前回に引き続いて、『京都の昔話』から心に残ったお話を。

今回は「丹波太郎」という話。

昔あるところに、白旗が立つと家の娘をおぼしな山の氏神さんに差し上げなければならないという古くからのしきたりがある村があった。

白旗は一年毎に立つので、今年はどこそこの家、また次の年はどこそこの家という風に順番に白旗が立つとその娘を一人ずつ、おぼしな山へ差し上げてたそうな。

ここで差し上げるということはもちろん二度と帰って来ないということを指す。

ある時、ある六部さん(放浪の僧みたいなもの)が村に来て、その村の大変嘆いている家にひょいっといって
「今晩泊めてくれ。宿してくれ」
と云って、白旗を上げられて、娘を差し上げなければならない家に宿を頼んだそうな。

そうして、家の人がなぜ嘆いているのかを聞いて、その六部さんはじゃあわしが今夜その様子を行って見届けてやると云うや、おぼしな山の裏手へ回って体をひそめて様子を見ていたそうな。

すると娘には衣装をつけて長持ちに入れて、村の若い衆がエイサヨイサで運んできた。
おぼしな山に這入ると、四人の比丘尼がおりてきて、
「丹波太郎が来にゃあよいに。丹波太郎にゃあ知らせなよ」
と云って長持ちを叩いて、いい加減に叩いたあと、
「さあ、かかろうで」
と一声、長持ちもなにもみるみるうちにメラメラっと砕いて、娘を担いで山へ登っていったんだと。

さて、六部さん、ここでは見ているだけだったが、観察するに、どうもおぼしな山の神様が土地の娘を取って食うというのは不思議だと思っていたが、やっぱりおぼしな山ではない、なにやら不思議なものが下ってきて、こういうことをするんだろうと思った。
そうして、「その丹波太郎というもんを、来年の氏神祭までにわしがつれてきて、なんとかする」と云って、帰っていった。
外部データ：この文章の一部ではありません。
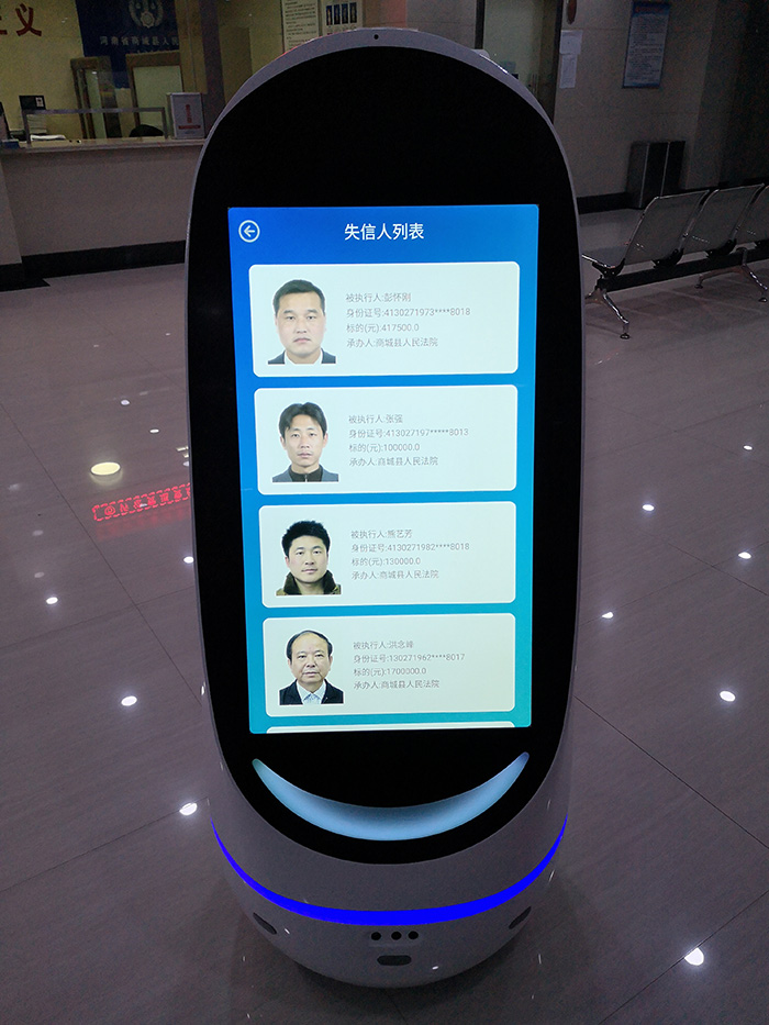 第三天,黃工為培訓客戶如何與導訴機器人進行語音互動,怎麽發出命令讓它去執行。培訓的時候,剛好信陽中院的領導過來視察,黃工演示了一遍機器人如何接待、引領、語音互動、法院信息展示和法官留言等功能,領導表示滿意,覺得中院也可以配置一台。法院的工作人員也過來和導訴機器人互動,對他們來說這還是個新奇產品,體驗後覺得這個機器人很Q,回答十分搞笑但也頗為實用。
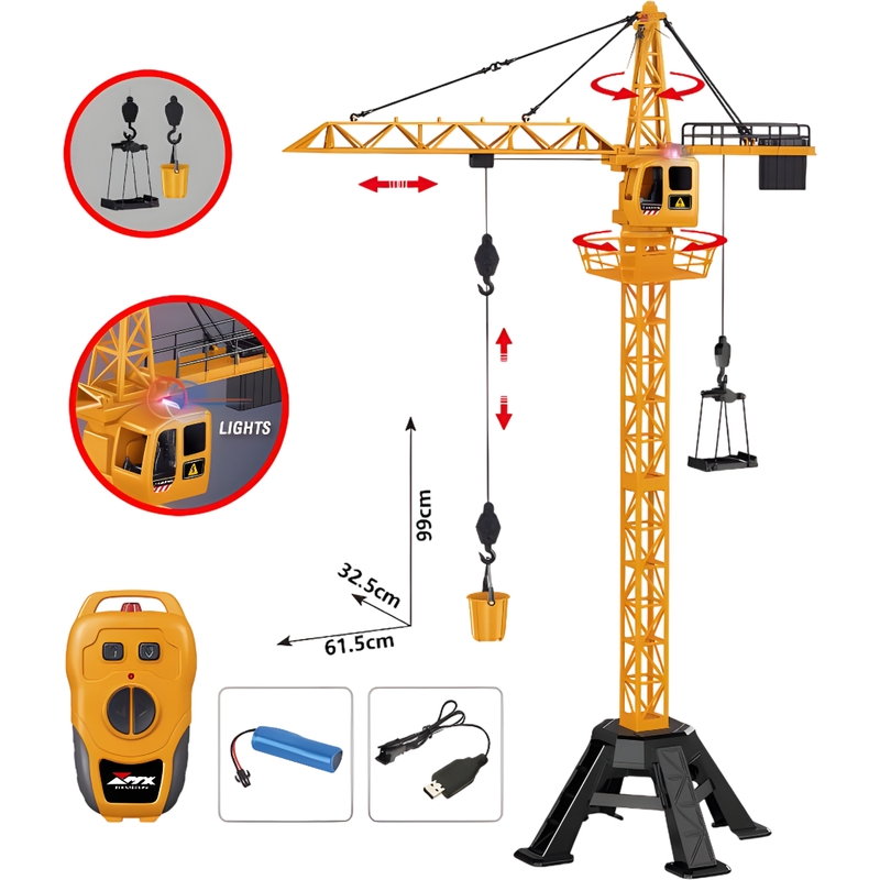 🚧 Με αυτόν τον τηλεκατευθυνόμενο γερανό, τα παιδιά μπορούν να ζήσουν την εμπειρία του εργοτάξιου και να αναπτύξουν τις ικανότητές τους στη διαχείριση και τον έλεγχο.

それから六部さんは律儀に丹波太郎という名のものを一所懸命探したが、どこにもそんな名前のものはおらん。
どうしたことだと思っていたある日、「丹波太郎いう、そういう人間はおらんけれども、丹波太郎いう犬がおるようじゃ。あそこの在はずれのお爺さんやお婆さんが飼うとんなるで、そこへ、ちょっと行っとみなれ」いう人の知らせがあって、六部さんはそこへ行った。

そうして、その丹波太郎を飼っているお爺さんとお婆さんに事情を説明して、おぼしな山のお祭りまで借りられぬかと懇願する。
すると爺婆は「人助けのためだし、わしらはええが、丹波太郎が承知するかどうか伺ってみる」と云う。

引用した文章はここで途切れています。